Une activité salariée présuppose l'existence d'un lien de subordination, même en l'absence de contrat de travail écrit. En quoi consiste ce lien de subordination dans la pratique ? Quelles sont ses conséquences sur les droits du salarié et de l'employeur ? À quelles sanctions disciplinaires peut recourir l'employeur en cas de non-respect du lien de subordination ?

Autant de questions que beaucoup se posent. Nous faisons le point pour vous aider à y voir plus clair !

Que dit la loi sur le lien de subordination ?

La relation juridique établie entre un salarié et un employeur est qualifiée de lien de subordination. Bien que ce lien ne soit pas caractérisé dans le Code du travail, ses paramètres sont clairement définis par la jurisprudence

On peut ainsi le caractériser comme « l'exécution d'un travail sous l'autorité d'un employeur qui a le pouvoir de donner des ordres et des directives, d'en contrôler l'exécution et de sanctionner les manquements de son subordonné. »

(Cour de cassation, 12 février 2009, pourvoi n°07-21790) - http://www.lexinter.net/JPTXT4/JP2005/assujettissement_a_la_securite_sociale_et_lien_de_subordination.htm

Comment se matérialise-t-il entre l'employeur et le salarié ?

Dans la pratique, plusieurs éléments peuvent faire état de l'existence d'un lien de subordination entre l'employeur et son salarié. Ainsi, le salarié est tenu de respecter certaines règles, qu'elles soient explicitement établies par l'employeur ou non.

Classiquement, il s'agira pour lui de réaliser les tâches qui lui sont confiées en respectant un certain nombre procédures ou, tout du moins, avec application. Par ailleurs, le salarié se doit également de respecter des horaires de travail et de travailler en bonne intelligence avec ses collègues.

Bien sûr, ces règles ne sont pas unilatérales puisque l'employeur lui-même est tenu de verser un salaire à son salarié en contrepartie de son travail. De plus, l'employeur doit assurer la sécurité et l'hygiène du salarié lorsqu'il est sur son lieu de travail.

Les droits de l'employeur 

Le lien de subordination donne des droits à l'employeur.

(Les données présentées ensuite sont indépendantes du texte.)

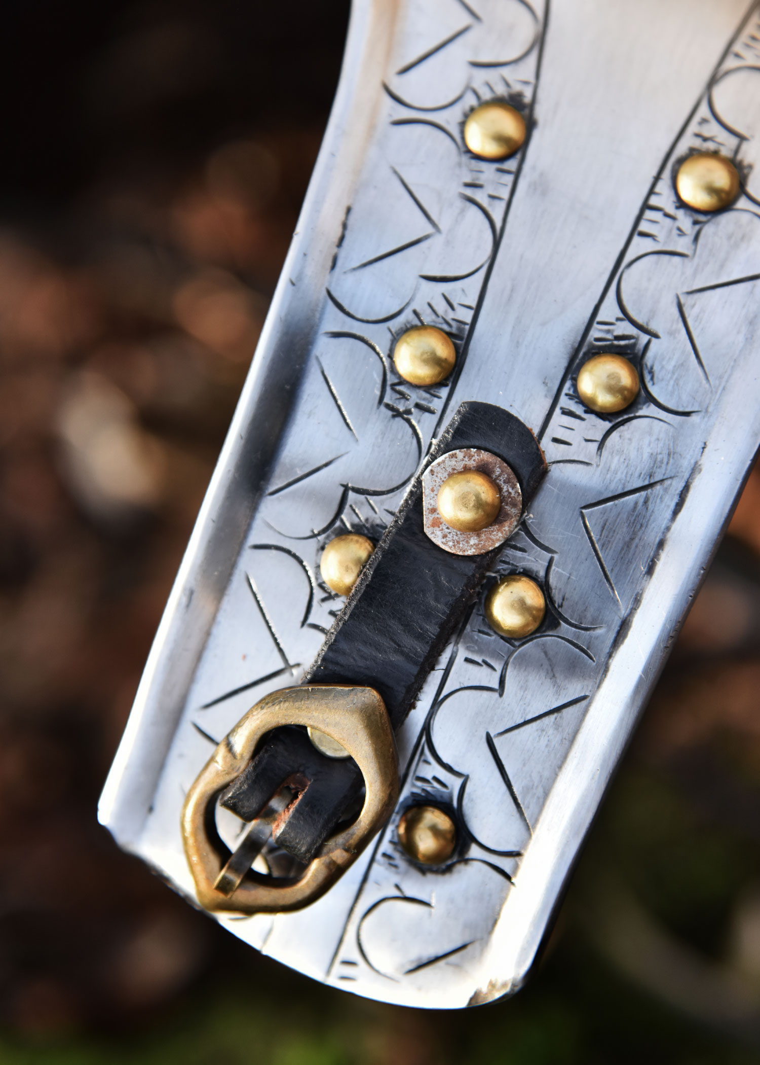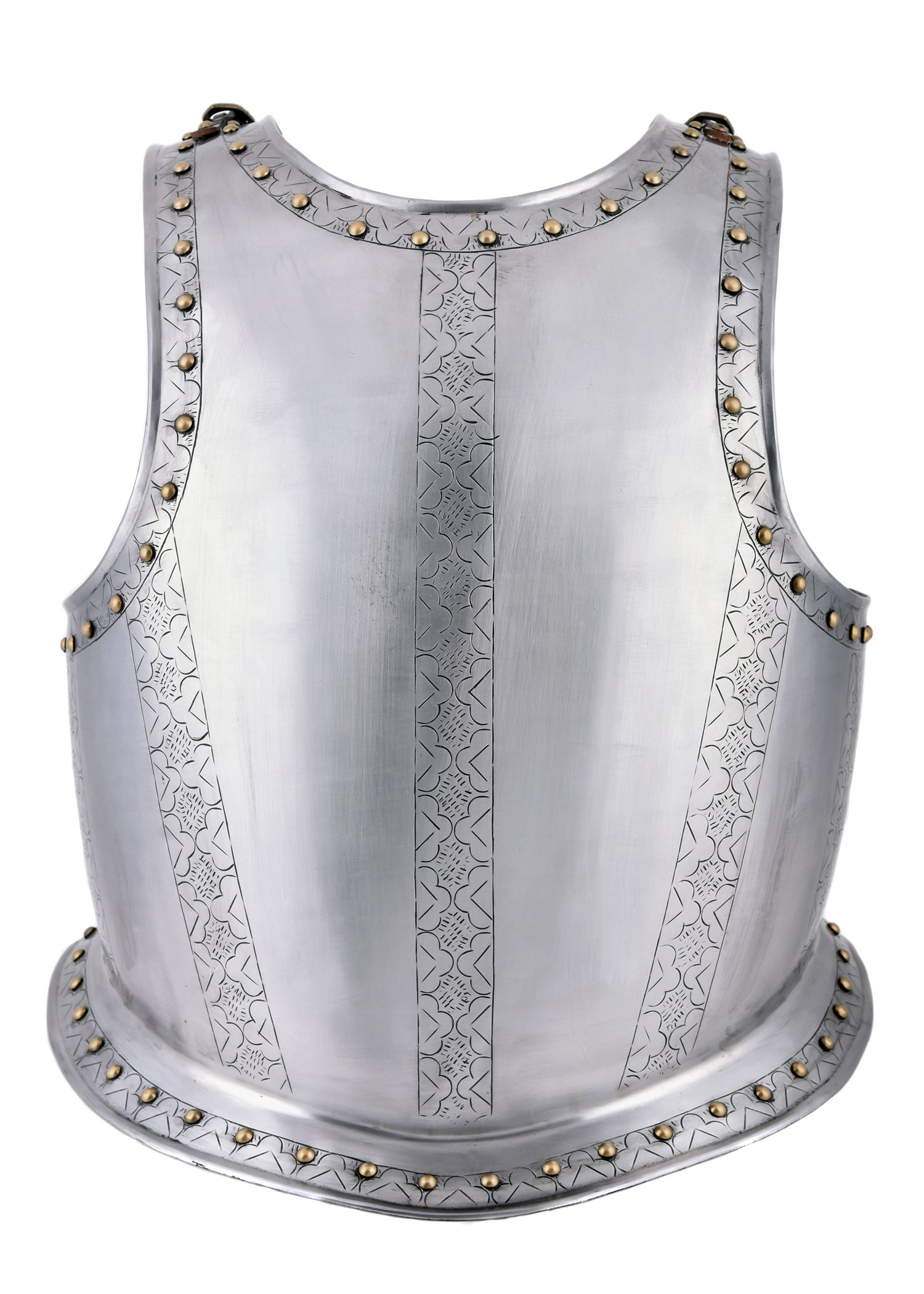 Pettorale medievale, imbracatura in acciaio con incisioni Replica indossabile di un'armatura medievale in lamiera d'acciaio. Include due cinturini incrociati nella parte posteriore, regolabili nelle dimensioni tramite fibbie. L'imbracatura è decorata con bellissime incisioni e presenta anche rivetti decorativi in ottone lungo i bordi. Gli scalfi ben dimensionati offrono spazio sufficiente per consentire alle braccia di muoversi liberamente. Particolari:

Le plus significatif d'entre eux est sans nul doute le droit de sanctionner tout salarié qui manquerait volontairement ou involontairement à ses obligations

Les cas de figure les plus répandus sont :

  • le non-respect des horaires de travail, 
  • les absences répétées et injustifiées,
  • les tâches négligées ou non réalisées,
  • la divulgation d'informations confidentielles et/ou sensibles,
  • le comportement déplacé ou violent envers l'employeur ou un collègue.

Les garanties du salarié

De son côté, le salarié peut également compter sur des garanties prévues pour limiter les éventuels abus de son employeur.

Outre le fait que le montant minimum de son salaire est fixé par loi (ou par la convention collective du secteur), le salarié bénéficie également du droit au respect de sa vie privée sur son lieu de travail.

Par ailleurs, et il s'agit là d'un point fondamental, la rupture du contrat de travail (déterminé ou indéterminé) est strictement encadrée par la loi.

Quelles mesures en cas de non-respect du lien de subordination ?

Sauf cas de simple avertissement, l'employeur a le devoir de convoquer son salarié en cas de sanction. Celui-ci a alors la possibilité de se faire assister par un représentant du personnel. 

Concernant la sanction en elle-même, elle peut prendre la forme d'une mutation ou d'une rétrogradation, souvent accompagnée d'une baisse de salaire ; d'une mise à pied ; et dans les cas les plus graves, d'un licenciement.

Il est néanmoins indispensable de préciser que l'employeur a l'obligation de motiver son recours à la sanction, quelle que soit sa nature.

De plus, en cas de licenciement abusif pour des raisons discriminatoires ou sans motif réel, le salarié à la possibilité de se retourner contre son employeur.